How do competing HDB developments nearby compare in terms of value and positioning?

The Jurong East precinct hosts several competing HDB clusters in addition to private residential schemes, creating a competitive marketplace where value-conscious buyers can compare options systematically across similar price points and locations. Nearby HDB developments typically offer comparable accessibility to transport and amenities but may present subtle differences in unit layouts, building age, floor counts, and architectural character, with newer phases sometimes commanding modest premiums despite similar fundamental characteristics. Private residential options in the broader district command substantial premiums over HDB pricing—often 50 to 100 per cent higher per square foot—placing them beyond reach for most homebuyers and reinforcing HDB's relative value proposition for practical homeownership. Ground-floor and low-floor units at 265 Toh Guan Road often trade at discounts to higher storeys, reflecting buyer preferences for elevated positions and reduced ambient noise, meaning price-conscious buyers may uncover value in these lower-positioned configurations despite their less-sought status.

Which floor levels or unit stacks at 265 Toh Guan Road offer the best value proposition?

Mid-to-upper floor units at 265 Toh Guan Road generally command pricing premiums and tend to resell more readily, supporting capital appreciation prospects for investors with sufficient patience to hold through property cycles and benefit from scarcity value among higher-floor configurations.

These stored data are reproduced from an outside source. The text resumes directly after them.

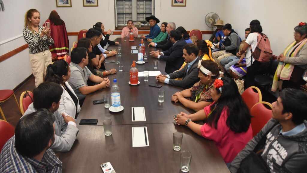 En el marco de la próxima conmemoración de la Semana de los Pueblos Originarios, diputadas y diputados provinciales recibieron en el Salón Presidente Raúl Alfonsín a representantes de comunidades guaraníes de la localidad de Caimancito, quienes fueron reconocidos con la Declaración de Interés Legislativo.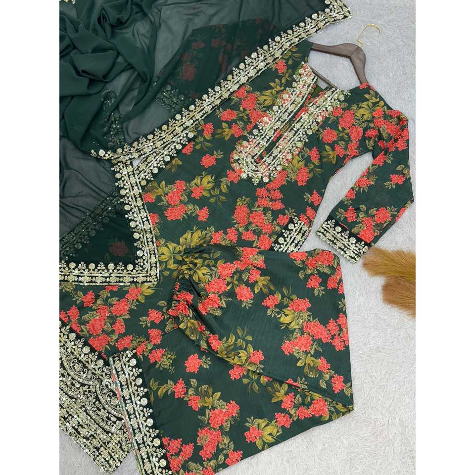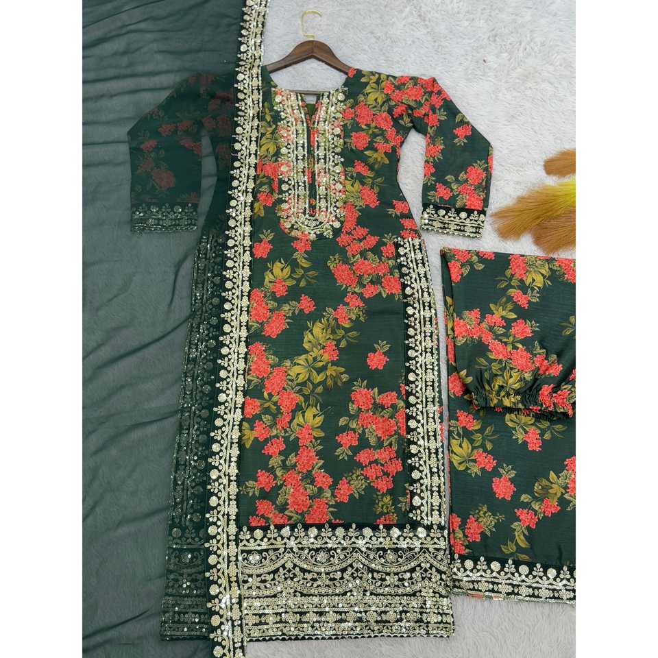 Haut de vêtement indien et pakistanais avec broderie numérique fantaisie, pantalon palazzo et dupatta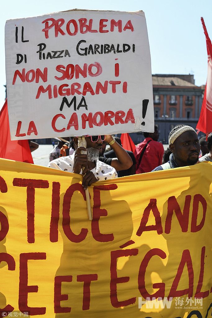 当地时间2018年8月28日,意大利那不勒斯,当地移民因担心自己的庇护申请被拒绝延期或被驱逐出境而举行示威活动。

Ground-floor and low-floor units typically offer modest discounts of 5 to 10 per cent compared to equivalent units on higher storeys, appealing to buyers prioritising accessibility, shorter elevator wait times, ease of child and elderly care access, or lower risk aversion regarding fall hazards. Mid-floor units—roughly between the fifth and twentieth storeys depending on building height—often represent the optimal balance, offering meaningful discounts relative to premium high-floor positions whilst preserving adequate elevation to minimise street-level noise and maintain respectable light and airflow characteristics. Buyers prioritising rental appeal should favour upper-floor positions, as these command higher rental premiums from tenants valuing views and privacy, justifying the elevated purchase price through enhanced yield potential over multi-year holding periods.

What future supply pipeline and economic trends might affect property values at 265 Toh Guan Road?

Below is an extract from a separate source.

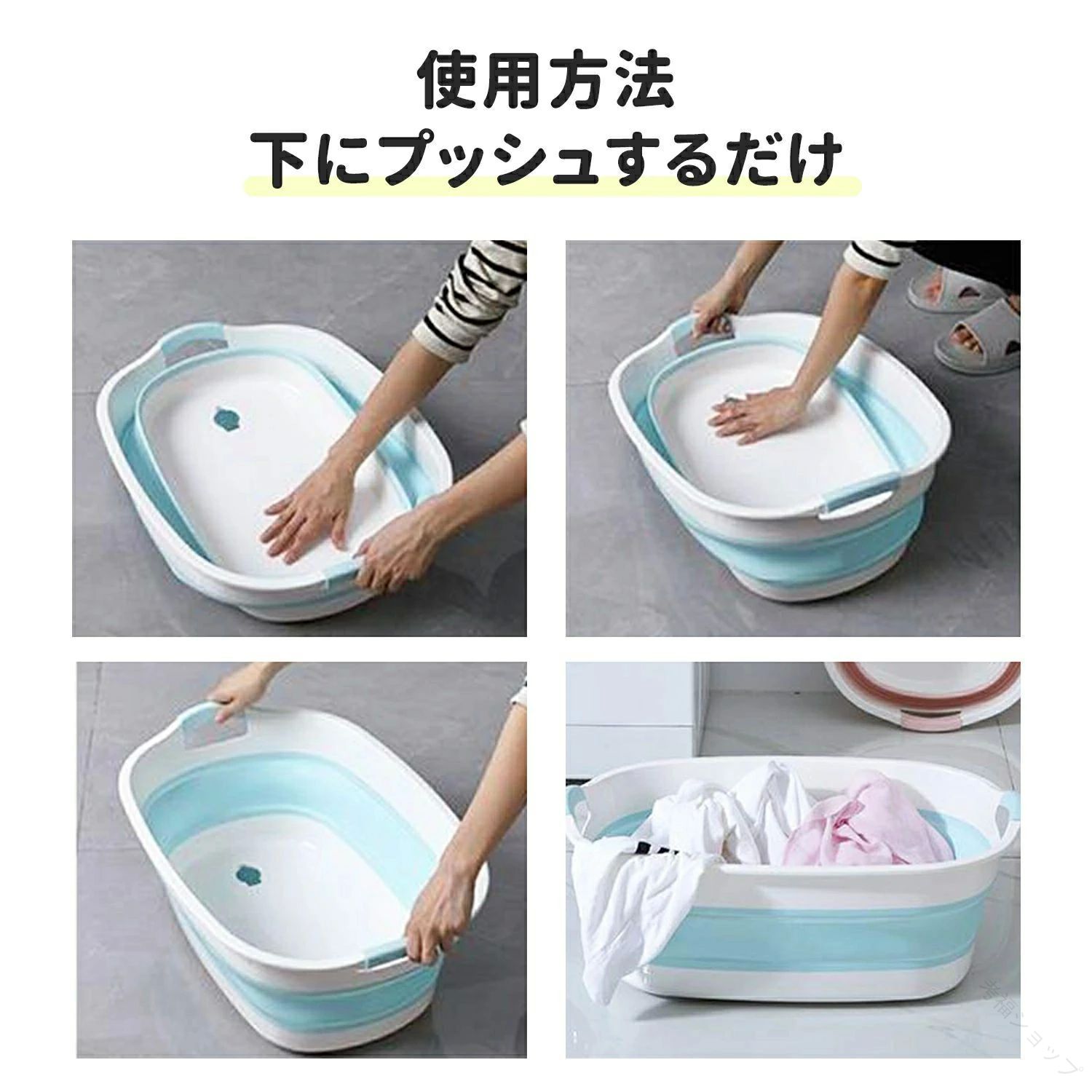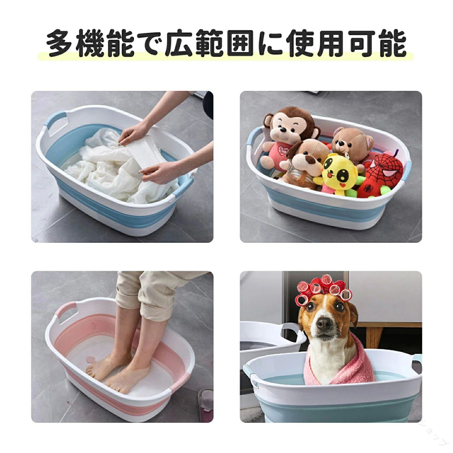 洗い桶 大型 折り畳みたらい 足湯 つ ピンク ブルー グレー M:43×32cm L:55×38cm

The wider Jurong region continues to benefit from government commitment to economic diversification and employment creation, with business parks, technology clusters, healthcare facilities, and port operations generating ongoing demand for reasonably-priced residential accommodation that supports fundamental value drivers for mature estates like 265 Toh Guan Road. New HDB launches in emerging growth areas further west may eventually redirect demand away from mature Jurong properties, and buyers should recognise that long-term appreciation depends partly on the development's ability to compete with newer alternatives on lifestyle and design grounds, even as its transport advantage remains undisputed. Supply constraints across the HDB sector—reflecting lower construction volumes relative to historical norms—provide underlying support to valuations across established developments, cushioning against sharp downturns and maintaining predictable market mechanics. Selecting units on superior floor levels, within better-serviced building wings, and from any phases demonstrating superior architectural quality provides some hedge against longer-term competitive dynamics, whilst maintaining a patient investment horizon of at least 10 to 15 years allows buyers to benefit from sustained economic growth and demographic trends favouring established, well-connected residential precincts.